Babacan: PKK'nın fesih açıklaması kontrolsüz! Bu bir devlet projesi

Babacan: PKK'nın fesih açıklaması kontrolsüz! Bu bir devlet projesi

DEVA Partisi lideri Babacan, PKK’nın kendini feshettiğini duyurduğu açıklamayı "Hababam işi" olarak nitelendirirken sürecin arkasında ciddi bir devlet çalışması olduğunu belirterek “Bu bir devlet projesidir” dedi.

DEVA Partisi Genel Başkanı Ali Babacan, Milliyetçi Hareket Partisi (MHP) Genel Başkanı Devlet Bahçeli’nin çağrısıyla başlayan ve terör örgütü PKK’nın fesih açıklamasıyla devam eden gelişmeleri değerlendirdi. Bu süreci, Türkiye Cumhuriyeti devletinin yürüttüğü kapsamlı bir plan olarak nitelendiren Babacan, bazı yönleriyle sürece dair eleştirilerini de dile getirdi.

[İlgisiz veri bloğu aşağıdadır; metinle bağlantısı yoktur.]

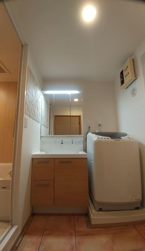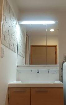 洗濯パンも60センチではなく64センチの標準の物も入り、洗面も75センチで下に扉が付いたので収納力もあがりました。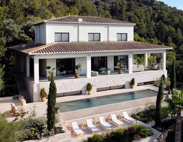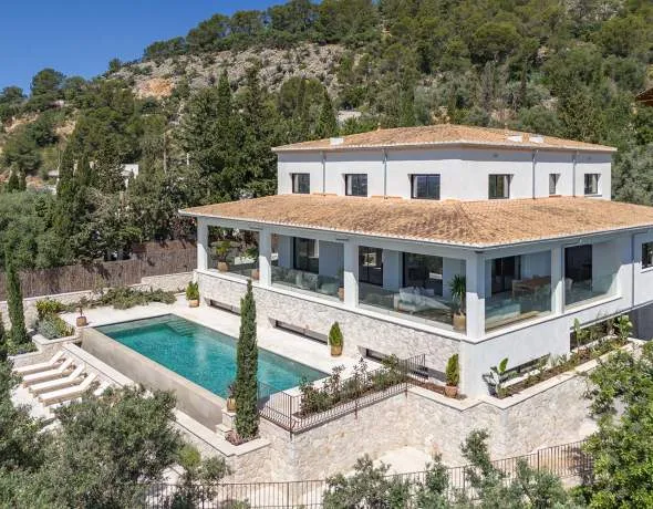 Diese stilvoll sanierte Villa befindet sich in erhöhter, ruhiger Lage am Fuße des Tramuntana-Gebirges bei Bunyola und bietet einen spektakulären Weitblick über die Bucht von Palma und die Berge. Trotz der idyllischen Ruhe genießt man eine ausgezeichnete Anbindung: Palma ist nur 15 Minuten entfernt, ebenso wie die charmanten Orte Valldemossa und Sóller. Die exklusive Wohngegend Sa Font Seca, Teil des UNESCO-Weltkulturerbes, ist bekannt für Privatsphäre, Naturverbundenheit und hochwertige Immobilien. Die Umgebung bietet zahlreiche Freizeitmöglichkeiten wie Reit- und Radwege sowie nahegelegene Golfplätze, darunter der Son Termes Golf Club direkt in der Nähe. Internationale Schulen sind in etwa 20 Minuten erreichbar.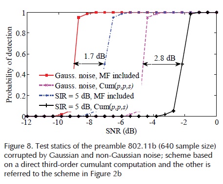 The energy detection of the preamble sequence is not optimal when non-Gaussian noise is present at the input. On the other hand, the benefit of the preamble detection based on bispectra-based statistics is obtained when larger preamble lengths are used (for example 640 sample points, see Figure 7) and the preamble or its autocorrelation function is characterized by large a skewness. However, the preamble 802.11b and its autocorrelation function have low skewness coefficients, which results in a probability detection equal to 1 at higher SNR (> -9 dB, see Figure 8 for the detector including MF). Notice that the dense level is slightly lower to that obtained by energy detection. Figure 8 also shows changes in desense levels when non-Gaussian noise of power equal -5 dB are added at the input. The reduction in the desense is about 1.7dB.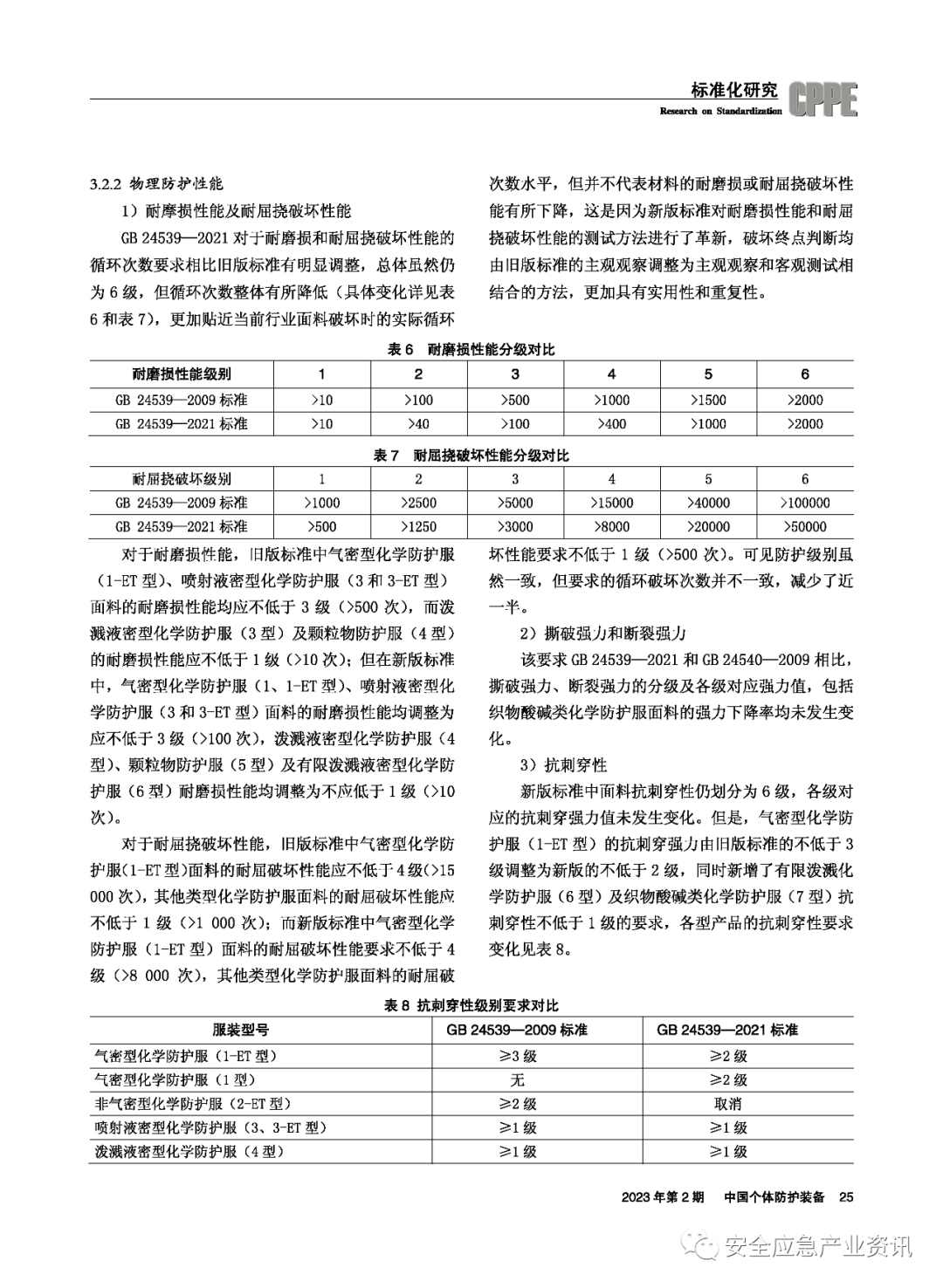 对于耐磨损性能,旧版标准中气密型化学防护服(1-ET型)、喷射液密型化学防护服(3和3-ET型)面料的耐磨损性能均应不低于3级(>500次),而泼溅液密型化学防护服(3型)及颗粒物防护服(4型)的耐磨损性能应不低于1级(>10次);但在新版标准中,气密型化学防护服(1、1-ET型)、喷射液密型化学防护服(3和3-ET型)面料的耐磨损性能均调整为应不低于3级(>100次),泼溅液密型化学防护服(4型)、颗粒物防护服(5型)及有限泼溅液密型化学防护服(6型)耐磨损性能均调整为不应低于1级(>10次)。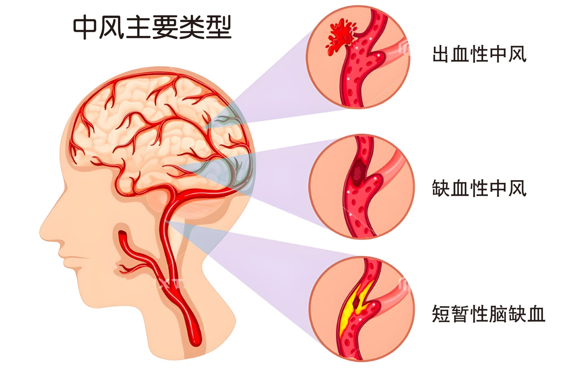 中风可分为缺血性脑中风及出血性脑中风,其中以血管阻塞造成的缺血性脑中风较为常见,约占脑中风的80%,另外20%是脑出血所造成的脑中风。短暂性脑缺血发作(TIA)则是另外一种短暂性中风症状。

“BU SÜREÇ, DEVLETİN HAZIRLADIĞI CİDDİ BİR PROJENİN PARÇASI”

Babacan, Bahçeli’nin Meclis kürsüsünden yaptığı konuşmayı gördükleri anda, arkasında bir devlet planlamasının olduğunu anladıklarını söyledi. “Bu kullanılan ifadeler boşuna değil” diyen Babacan, söz konusu projenin geçen yaz aylarında Bahçeli’ye sunulduğunu, dolayısıyla sürecin uzun zamandır hazırlandığını dile getirdi.

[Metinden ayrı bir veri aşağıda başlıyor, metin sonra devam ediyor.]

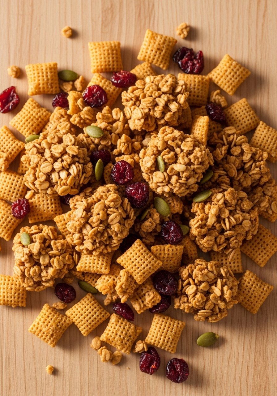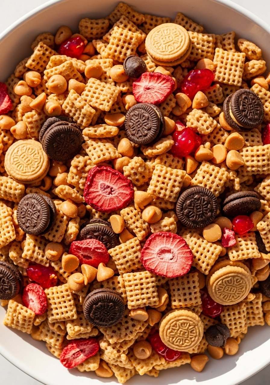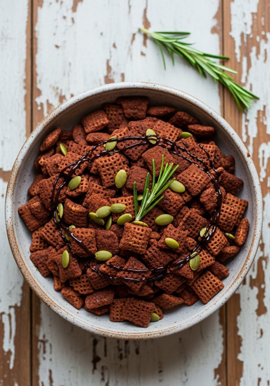 A bark-inspired Chex mix that’s part bark, part cereal—layers of chocolate, chopped candies, and nuts make hand-held pieces perfect for parties. The texture is crunchy and snap-filled with candy pockets.
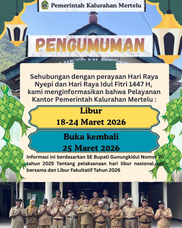 Sehubungan dengan peringatan Hari Raya Nyepi (Tahun Baru Saka 1948) dan Hari Raya Idul Fitri 1447 Hijriah, bersama ini kami sampaikan bahwa pelayanan di Kantor Kalurahan Mertelu :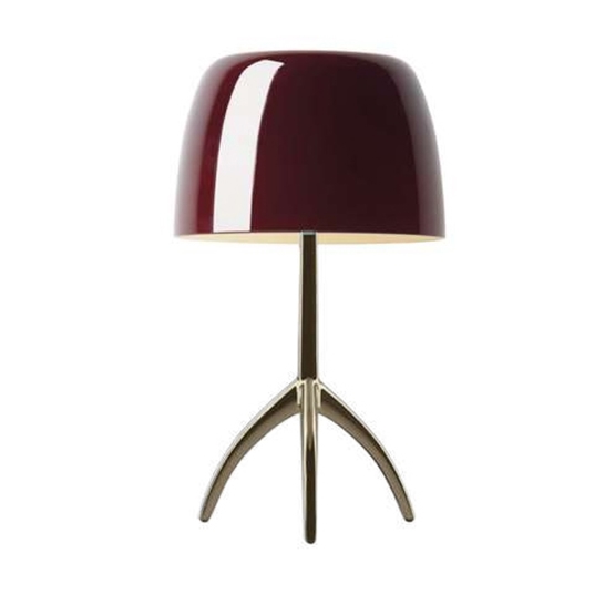 Lumiere Grande bordlampe fra Foscarini, poleret rød/pearl stel med dæmper.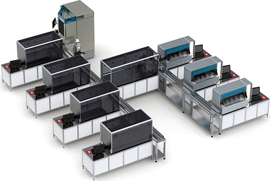 酶标板进入后,由双条码机分别2次识别,确保不同实验,按照编辑的不同实验方法无误地处理

“Bu bir devlet projesidir. Bahçeli’nin açıklaması öylesine yapılmış bir konuşma değil. Kendisine bu çalışma yaz aylarında sunulmuş. Devletin ilgili birimleri bu mesele üzerinde ciddi bir hazırlık yapmış.”

Babacan, Bahçeli’nin bu çalışmanın öncülüğünü gönüllü olarak mı üstlendiği yoksa kendisinden böyle bir rolün mü beklendiğinin kamuoyunca bilinmediğini ifade etti. “Oralar kapalı konular” diyen Babacan, sürecin hassasiyeti açısından bu ayrıntının spekülasyona açık olduğunu da ekledi.

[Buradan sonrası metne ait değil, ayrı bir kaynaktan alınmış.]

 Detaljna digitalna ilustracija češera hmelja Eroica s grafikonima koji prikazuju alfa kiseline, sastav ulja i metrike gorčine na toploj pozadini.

“PKK AÇIKLAMASI DİKKATSİZ HAZIRLANMIŞ, DEVLET KURUMLARI DAHA DİKKATLİ OLMALI”

Halk TV'ye konuk olan Babacan, PKK’nın kendini feshettiğine dair duyurduğu açıklamayı ise ağır bir dille eleştirdi. Açıklamanın halkın hassasiyetleriyle örtüşmeyen ifadeler içerdiğini belirten Babacan, bu durumu "Hababam işi" olarak nitelendirdi:

“Orada bazı tehlikeli ifadeler var. Milletin sinir uçlarına dokunacak noktalar var. Bu iş ciddiyet ister. Böyle alelacele yapılmaz. Bu açıklama apar topar, kontrolsüzce yapılmış. Resmen hababam usulü olmuş.”

Sürecin MİT başta olmak üzere devletin ilgili kurumları tarafından yürütüldüğünü hatırlatan Babacan, aylarca süren çalışmanın ardından böyle kontrolsüz bir açıklamanın kamuoyuna yansımasını eleştirerek, “Devletin kurumlarının daha dikkatli olması gerekir. Bu bizim devletimize bir uyarımızdır” dedi.

Babacan, özellikle geçmişte Abdullah Öcalan’ın 27 Şubat açıklamasının devlet tarafından "adeta nakış gibi" işlendiğini, bu nedenle PKK’nın açıklamasında yer alan bazı söylemlerin denetimsiz kalmasının kabul edilemez olduğunu vurguladı.

“PKK’NIN FESHİ TARİHİ BİR MESELEDİR”

Buna karşın, PKK’nın kendini tasfiye ettiğini açıklamasının önemine de dikkat çeken Babacan, bu gelişmenin Türkiye açısından tarihi bir kırılma noktası olduğunu söyledi:

“PKK’nın kendini feshi tarihi bir meseledir. Bunun kıymetini biliyoruz. Ancak bu kadar önemli bir süreçte iletişim dili ve hassasiyet çok daha dikkatli yönetilmeliydi.”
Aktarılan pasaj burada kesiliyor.